One morning while we were all crowded onto the small part
of the island outside the inclosure (a daily occurrence) to be marched back in
single file and counted, two soldiers burrowed into the sand of which the island
was composed, crowded themselves into the hole, their comrades spread a piece of
old tent over them and covered them with sand. The boys intended to emerge from
their concealment when nigh spread her mantel of darkness over the scene, and by
swimming the river make their escape. There was an Irishman on parole outside
who had been there for years, refusing a parole in 1863, when Milroy’s
soldiers were paroled and sent home. He remained there, as we thought at the
time, as a spy. This fellow took a fishing rod and strolled along the edge of
the water and discovered the hidden soldiers, who had their faces exposed so as
to be able to breathe. He passed by, seeming not to notice, but made his way
back to Headquarters and made known his discovery.

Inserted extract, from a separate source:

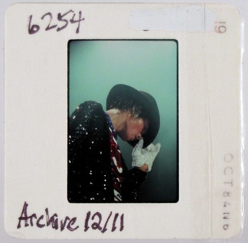 All the great iconic symbols of Michael Jackson, including his glove, fedora, and glittering jacket during the Victory Tour circa 1984. These photos were commission by Joe Jackson, father, founder and early manager of his children, Michael Jackson and the Jackson 5. He hired the top music concert photographers of the day to take pictures of Michael Jackson and the Jackson Five (both in individual performances and as a group), while they were on tour, and during personal appearances, as well as at family get-together's. The purchase of this photo includes the original transparency, and includes a full copyright release for your own personal unlimited reproduction printing and selling to the winning bidder. They are the original 35 millimeter film used to take the picture, and are professionally mounted in “slide” paper for protection. The original film sprockets can be seen when the paper is removed. The color reversal film was used by these photographers, because, as is standard in the industry, this film stock creates more detailed images especially in Concert and low-light situations, and in many ways is actually superior to color negative film stock for reproduction purposes. Bidders are advised that all proceeds from sales and delivery of the purchased items will be held by Premiere Props in escrow pending resolution of these claims unless the successful bidders assume the risk.
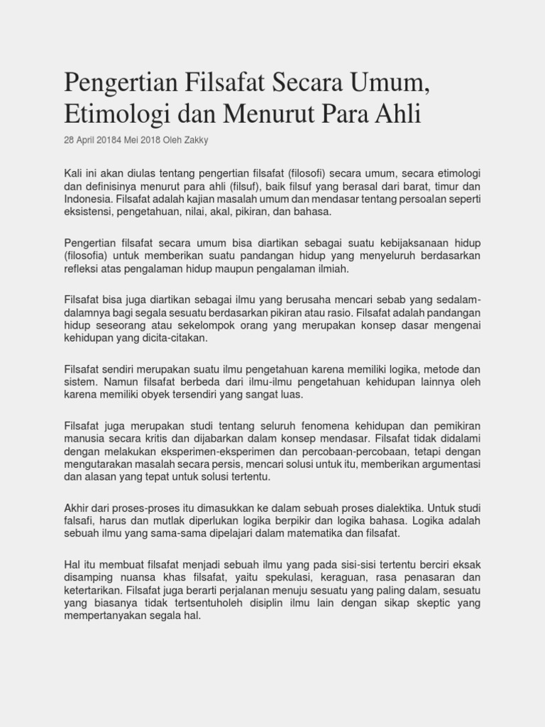 Pengertian Filsafat Secara Umum Etimologi Dan Menurut Para Ahli Pdf

The commandant took two armed soldiers, repaired to the
place and there found the buried soldiers. With his sword he struck them on the
head, cursing loudly the while. This occurred in the afternoon. The officer
ordered his guards to watch closely, and not all the boys to move hand or foot.
“D--- ‘em,” said he, “I’ll let them enjoy the beds they made for
themselves. Give them nothing to eat nor to drink till further orders.”
All that day, all the following night and till after noon
the second day did the poor boys lie in the sand, cramped, hungry and perishing
with thirst, not allowed to move on pain of instant death.
As usual we were marched out again the next day, and when
we came near the boys we found a circle described in the sand 10 feet from them,
and none allowed to pass within to relieve them. One of the comrade threw a
piece of cornbread to the boys, which was instantly grabbed by guards and thrown
into the river. You may imagine the condition they were in when released. Those
were “jolly fellows.” – D. J. MARTIN, 110th Ohio, Covington, O.